= Work instruction =
Your answer should give again, exactly, the lines from the beginning of the entries below through the line containing "Συγκεκριμένως, εχθές, Σάββατο". It must contain no pictures.

---

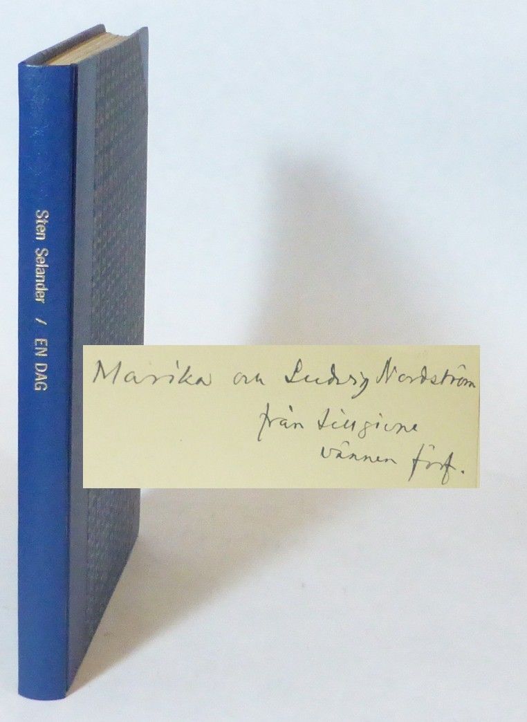 Stockholm; Bonniers, 1931. Originalupplaga. 24x16,5 cm. 131, (1) s. Blått halvklotband med förgylld ryggtitel och dekorerade pärmpapper (Becker & Svanberg, Växjö). Omslaget medbundet. Ett par svaga röda pennstreck på främre omslaget. Med en dedikation från författaren: ""Marika och Ludvig Nordström / från tillgivne / vännen förf."".
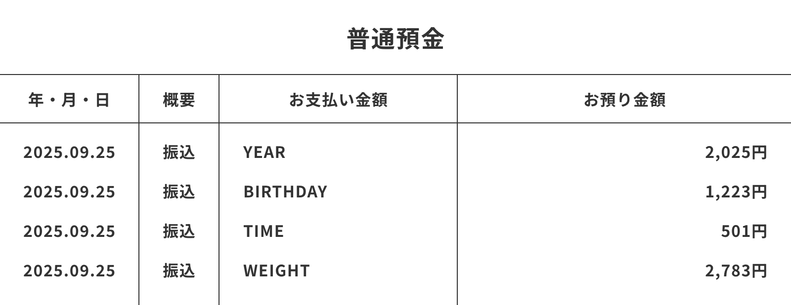 インターネットバンキング「プライベートWeb」を使って振込⼈名を変更し、出⽣⽇時や体重、⾝⻑などと同じ⾦額を親の⼝座から振込むことで、⼤切な情報を記録する「出⽣体重預⾦」がおすすめです。
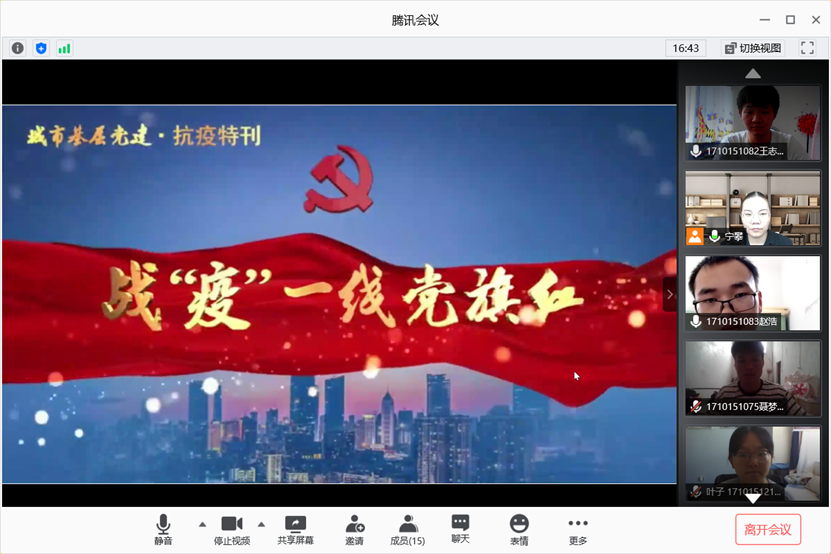 最后,宁攀做总结发言。她指出,虽然疫情凶险,但在党中央的正确领导下,我们一定能够共克时艰,取得这场疫情防控阻击战的最后胜利。作为大学生党员,虽不能奋战在抗疫一线,但可以积极配合国家和学校的疫情防控工作,少出门,少聚集,引导身边的人科学防控,每天按照学校要求填报健康状况,协助村委会或社区做一些力所能及的防疫工作,这也同样是在为国家做贡献。在中国共产党成立99周年之际,让我们每名党员牢记神圣使命,不忘初心嘱托,在新时代、新征程上不断创新,做一名新时代合格的学生党员。
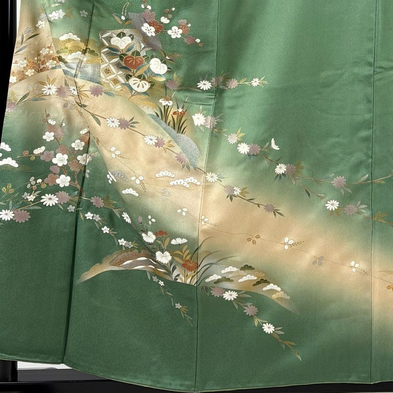 【付下げ】 緑系 緑 秀品 B 約150cm~約159cm 裄丈65cm (M)size 袖丈48cm 4000-7980 二万以下
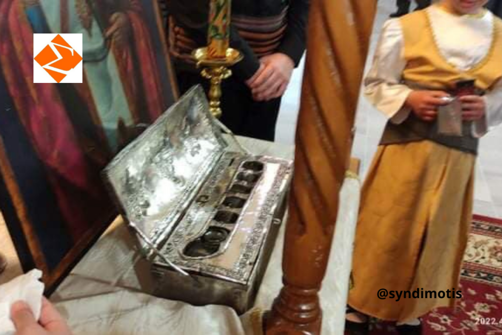Συγκεκριμένως, εχθές, Σάββατο του Λαζάρου, 16 Απριλίου 2022, στις 6:30 το απόγευμα, ο Σεβ. Μητροπολίτης Σερρών και Νιγρίτης κ. Θεολόγος, επικεφαλής του ιερού κλήρου, υπεδέχθη, στα προπύλαια του νεόδμητου Ιερού Ναού Αγ. Βασιλείου Λευκώνος, το θαυματόβρυτο Λείψανο του Μεγάλου Καπαδόκου Ιεράρχου, το οποίο εκόμισε ο Α’ Γραμματεύς της Ιεράς Συνόδου της Εκκλησίας της Ελλάδος, Πανοσιολ. Αρχιμανδρίτης π. Δωρόθεος Πάπαρης. Παρόντες κατά την υποδοχή ήταν μεταξύ άλλων και οι Βουλευτές του Νομού Σερρών κ. κ. Φ. Αραμπατζή, Αν. Χατζηβασιλείου, Θ. Λεονταρίδης και Κ. Μπούμπας, ο Δήμαρχος Σερραίων κ. Αλ. Χρυσάφης, ο τέως Νομάρχης Σερρών κ. Στ. Φωτιάδης, μέλη πολιτιστικών Συλλόγων και ο φιλάγιος λαός του Θεού.
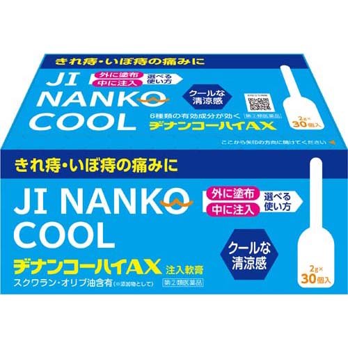 ヂナンコーハイAX(痔ナンコーハイAX)/尿のトラブル・痔の薬/ブランド:ヂナンコー/( いぼ痔 きれ痔 注入軟膏 15歳以上 )/【発売元、製造元、輸入元又は販売元】ムネ製薬/【ヂナンコーハイAXの商品詳細】●抗炎症作用のあるヒドロコルチゾン酢酸エステルをはじめ、有効成分を軟膏状にして、使いやすい注入式容器に入れた痔疾用薬です。●局所麻酔作用のあるリドカインで痛み・かゆみを鎮めます。●ヒドロコルチゾン酢酸エステルと酸化亜鉛で出血を止め、はれを抑え、患部を保護します。●ご使用の前に入浴又はぬるま湯を用い、ガーゼなどで患部をきれいにしますと、一層効果的です。●排便時の痛みが激しい時は、1時間ほど前に注入しておきますと、排便時の痛みをやわらげ、便の通りをよくします。/cate15188
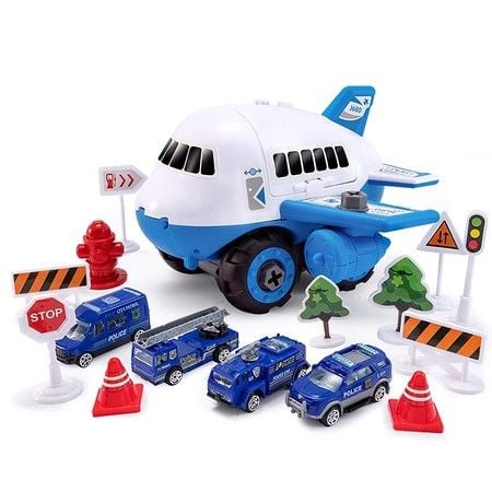 Children Aircraft Toy Track Inertia Toy Car Plane Model With Large Storage Space with 4 Cars (Blue)
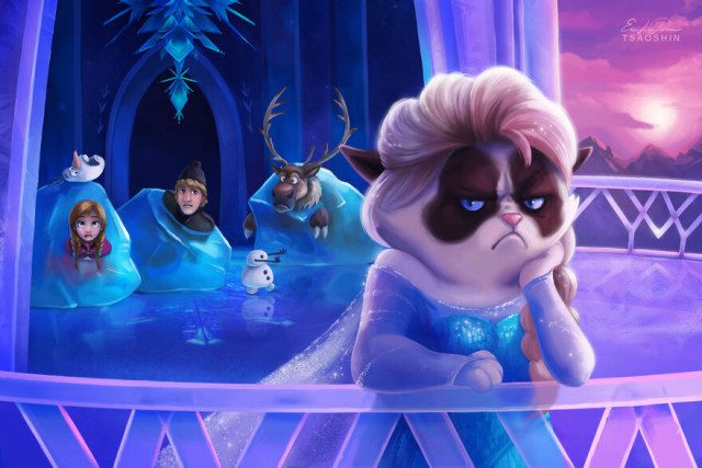 Какое отношение положительный Дисней имеет к сварливой Grumpy Cat? Вроде бы практически никакого, но оказалось, что они идеально подходят друг к другу, как соль и перец, как инь и ян. Сварливая кошка была настолько сильной персоной, что смогла бы мгновенно изменить ход обычно очень позитивных фильмов Диснея, и эти рисунки американского художника прекрасно это иллюстрируют.

---

= Result below =
 Stockholm; Bonniers, 1931. Originalupplaga. 24x16,5 cm. 131, (1) s. Blått halvklotband med förgylld ryggtitel och dekorerade pärmpapper (Becker & Svanberg, Växjö). Omslaget medbundet. Ett par svaga röda pennstreck på främre omslaget. Med en dedikation från författaren: ""Marika och Ludvig Nordström / från tillgivne / vännen förf."".
 インターネットバンキング「プライベートWeb」を使って振込⼈名を変更し、出⽣⽇時や体重、⾝⻑などと同じ⾦額を親の⼝座から振込むことで、⼤切な情報を記録する「出⽣体重預⾦」がおすすめです。
 最后,宁攀做总结发言。她指出,虽然疫情凶险,但在党中央的正确领导下,我们一定能够共克时艰,取得这场疫情防控阻击战的最后胜利。作为大学生党员,虽不能奋战在抗疫一线,但可以积极配合国家和学校的疫情防控工作,少出门,少聚集,引导身边的人科学防控,每天按照学校要求填报健康状况,协助村委会或社区做一些力所能及的防疫工作,这也同样是在为国家做贡献。在中国共产党成立99周年之际,让我们每名党员牢记神圣使命,不忘初心嘱托,在新时代、新征程上不断创新,做一名新时代合格的学生党员。
 【付下げ】 緑系 緑 秀品 B 約150cm~約159cm 裄丈65cm (M)size 袖丈48cm 4000-7980 二万以下
Συγκεκριμένως, εχθές, Σάββατο του Λαζάρου, 16 Απριλίου 2022, στις 6:30 το απόγευμα, ο Σεβ. Μητροπολίτης Σερρών και Νιγρίτης κ. Θεολόγος, επικεφαλής του ιερού κλήρου, υπεδέχθη, στα προπύλαια του νεόδμητου Ιερού Ναού Αγ. Βασιλείου Λευκώνος, το θαυματόβρυτο Λείψανο του Μεγάλου Καπαδόκου Ιεράρχου, το οποίο εκόμισε ο Α’ Γραμματεύς της Ιεράς Συνόδου της Εκκλησίας της Ελλάδος, Πανοσιολ. Αρχιμανδρίτης π. Δωρόθεος Πάπαρης. Παρόντες κατά την υποδοχή ήταν μεταξύ άλλων και οι Βουλευτές του Νομού Σερρών κ. κ. Φ. Αραμπατζή, Αν. Χατζηβασιλείου, Θ. Λεονταρίδης και Κ. Μπούμπας, ο Δήμαρχος Σερραίων κ. Αλ. Χρυσάφης, ο τέως Νομάρχης Σερρών κ. Στ. Φωτιάδης, μέλη πολιτιστικών Συλλόγων και ο φιλάγιος λαός του Θεού.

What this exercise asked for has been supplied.